I’ve told this story in the past, but it bears repeating on this day. After graduating with my Master’s in English. I ran from books. I loved my program, but it killed my basic enjoyment for reading because it required I read certain books while also analyzing the details for a deeper message tied into literary theory. In my Master’s program, this worked. In the real world, it felt onerous and exacting. Add to that my job: I teach Freshman Composition (and its former remedial partners), and I spent hours a day reading and grading students’ writing. I didn’t want to read words on a page, so I focused on images on the screen…until my soul felt dry. In December of 2017, I remembered how I LOVED reading YA romance as a teen. How it was the last time I felt like reading was an outlet for my hyperactive, overthinking brain to rest. Therefore, I leaped feet first into E.L. James’s 50 Shades series to check out the hype. I realized quickly that, while I appreciated James’s storytelling, the act of reading for enjoyment, to be lost in the pages of a book no matter the issues with the story, was my first love. So I dove into my Kindle, into KU, into anything I could get my hands on via Amazon, and I haven’t retreated.
Instead, I became a romance blogger/reviewer in September 2018 when I posted my first blog post. I have found that some of that analyzing and writing I did in my undergrad and graduate programs needed expression too. However, I don’t feel the pressure to perform like I did in that program. It’s important for me to write reviews that are somewhat elevated for this genre because it feels like it shows the world beyond our community the importance of this genre for women in terms of agency and authority and equity.

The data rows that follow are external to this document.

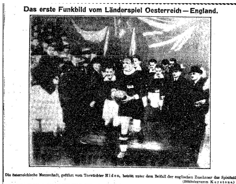
Figure 5: The First Wirephoto of the International Game Austria–England
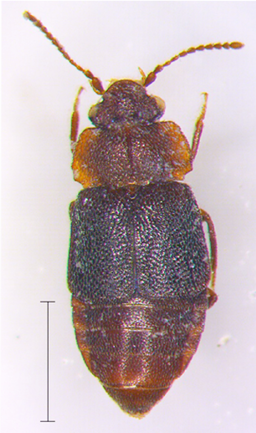
FIGURE 1. Megarthus alatorreorum sp nov. Habitus (scale bar = 1 mm).
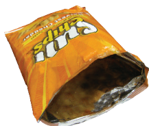
Snack & Chip Bags, Candy Wrappers

Coated paper (with surface sheen) such as cups, plates or cardboard boxes, belong in trash only. (Paper beverage cartons may go into recycling)
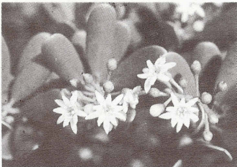
Joewood's fragrant blossoms.

From Native Trees and Shrubs of the Florida Keys , Scurlock. Used by permission.
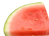
WATERMELON #109234 1/1 CT
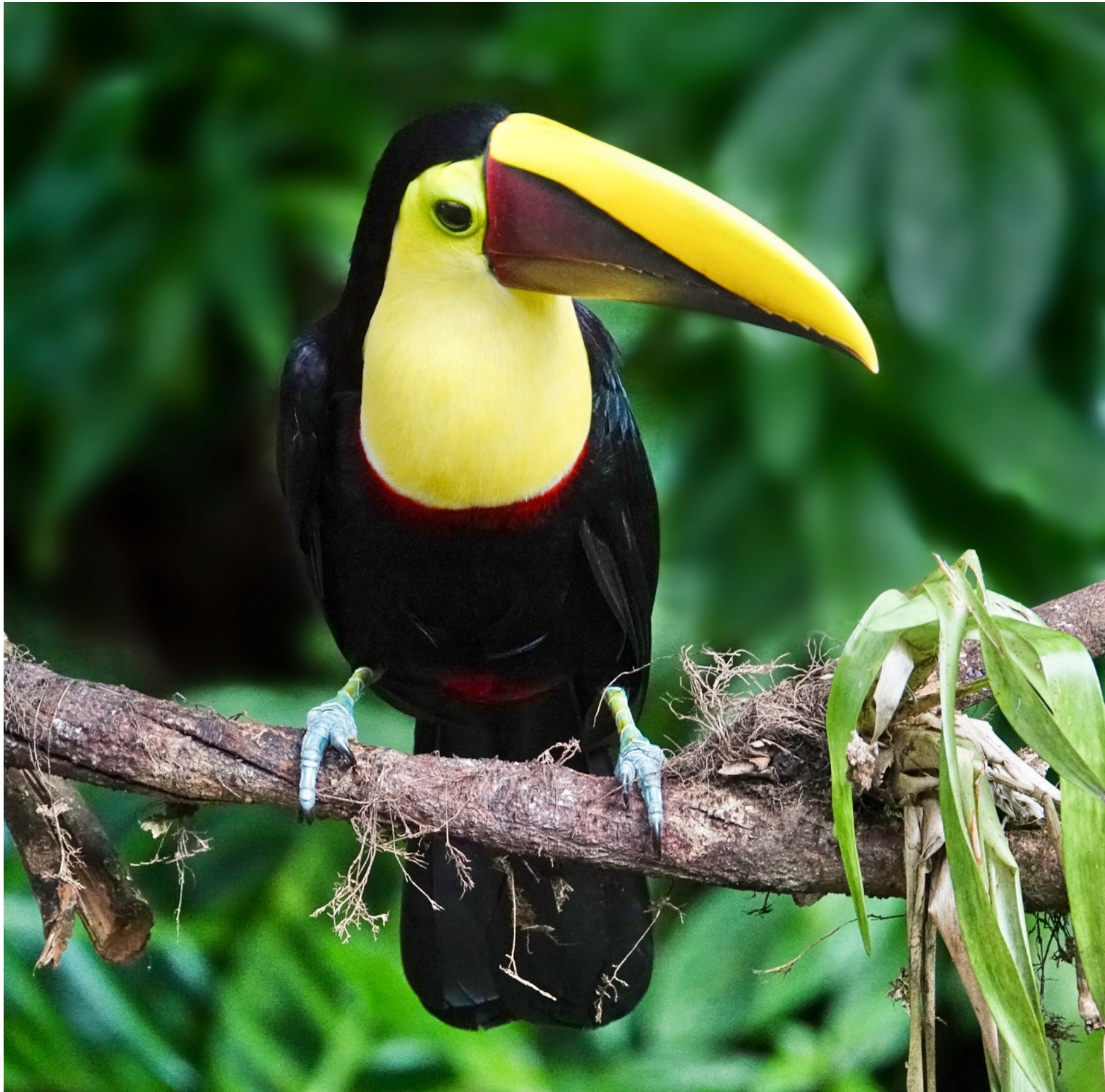
Yellow-throated Toucan, Selva Verde, Costa Rica, Anti-motion blur mode, nominally 1/250th @ f4 @ ISO 1600. Polarr

Men are also included in this battle, so anything I can do to further this fight, I will do it.
I have so many authors who have challenged me, entertained me, wrecked me, and embraced me. There are readers (and authors too) in this community who have felt kindred from the start. I had no idea when I read Fifty Shades of Grey in December 2017 that I would fall like Alice down the rabbit hole into a world where people, in general, both authors and readers, include you and make you feel apart of something bigger than yourself.
So…on this National Book Lover’s Day, thank you to every author I’ve read thus far, who has also connected with me through social media or who pushes a quick like in acknowledgment of anything I’ve shared for them. Thank you for spilling your souls on the page through the eloquence of your words. You have touched my heart so many times that it feels more alive than it has in years. Thank you for using your experiences and insights to act as both a magnifying glass to the human condition and a mirror to my own life. Your writing shows the power of the written word to connect large swaths of readers from different cultures, races, sexes, and experiences. So…thank you!